# 2019 in review



## baker (Dec 22, 2019)

Thought I'd go through and do the same as last year by making a post of my favourite wildlife photos over the last year. While I have still been rather busy over the last year with my PhD, I have been fortunate enough to get out and about a bit more this year to do some photography. I hope you all enjoy the photos below



Robust velvet gecko (Nebulifera robusta) by Cameron Baker, on Flickr



Southern angleheaded dragon (Lophosaurus spinipes) by Cameron Baker, on Flickr



Australian red eyed tree frog (Litoria chloris) by Cameron Baker, on Flickr



Yellow spotted monitor (Varanus panoptes) by Cameron Baker, on Flickr



Estuarine crocodile (Crocodylus porosus) by Cameron Baker, on Flickr

As field sites go, not many can beat this one!

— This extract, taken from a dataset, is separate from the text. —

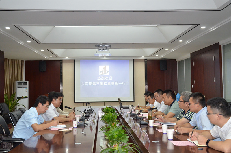 2017年8月30日下午,徐州東南鋼鐵工業(yè)有限公司王愛欽董事長一行來我公司洽談業(yè)務(wù)。公司董事長、黨委書記、總經(jīng)理張鍵熱情接待了王總一行并主持召開了業(yè)務(wù)洽談會(huì)。

Wenlock river by Cameron Baker, on Flickr



Estuarine crocodile by Cameron Baker, on Flickr



Pollination by Cameron Baker, on Flickr



Portrait of a king by Cameron Baker, on Flickr



Hatchling carpet python (Morelia spilota) by Cameron Baker, on Flickr



Narrow banded sand swimmer (Eremiascincus fasciolatus) by Cameron Baker, on Flickr



Curious mulga by Cameron Baker, on Flickr



Unwelcome by Cameron Baker, on Flickr



Urban bluie by Cameron Baker, on Flickr

Cheers, Cameron


----------



## Nero Egernia (Dec 23, 2019)

Awesome photos, Cameron.

Can I ask what sort of lighting/settings you used for night photography? I recently did a spotlighting trip and, while I saw a few interesting critters, my photography was rather awful.


----------



## baker (Dec 23, 2019)

Thanks for that Nero. 

For my night shots, and even a couple of the ones I take during the day, I use a yonguno flash with a 20 cm square diffuser attached to it to soften and spread the light out. I also use a flash trigger so that I can position the flash wherever I want depending on the style of shot I'm after. Setting wise, most of my shots are between f 7-11, shutter speed ~1/160-250 and iso ~125-200.

Cheers, Cameron


----------



## Nero Egernia (Dec 24, 2019)

baker said:


> Thanks for that Nero.
> 
> For my night shots, and even a couple of the ones I take during the day, I use a yonguno flash with a 20 cm square diffuser attached to it to soften and spread the light out. I also use a flash trigger so that I can position the flash wherever I want depending on the style of shot I'm after. Setting wise, most of my shots are between f 7-11, shutter speed ~1/160-250 and iso ~125-200.
> 
> Cheers, Cameron



Thanks for the information. I might give this a go. I was just using either the light from the torch or the standard flash, not sure on the settings, but either way, didn't make for very nice photos.


----------



## Ella C (Dec 24, 2019)

They are amazing photos! I would expect to see them on National geographic. Beautiful!


----------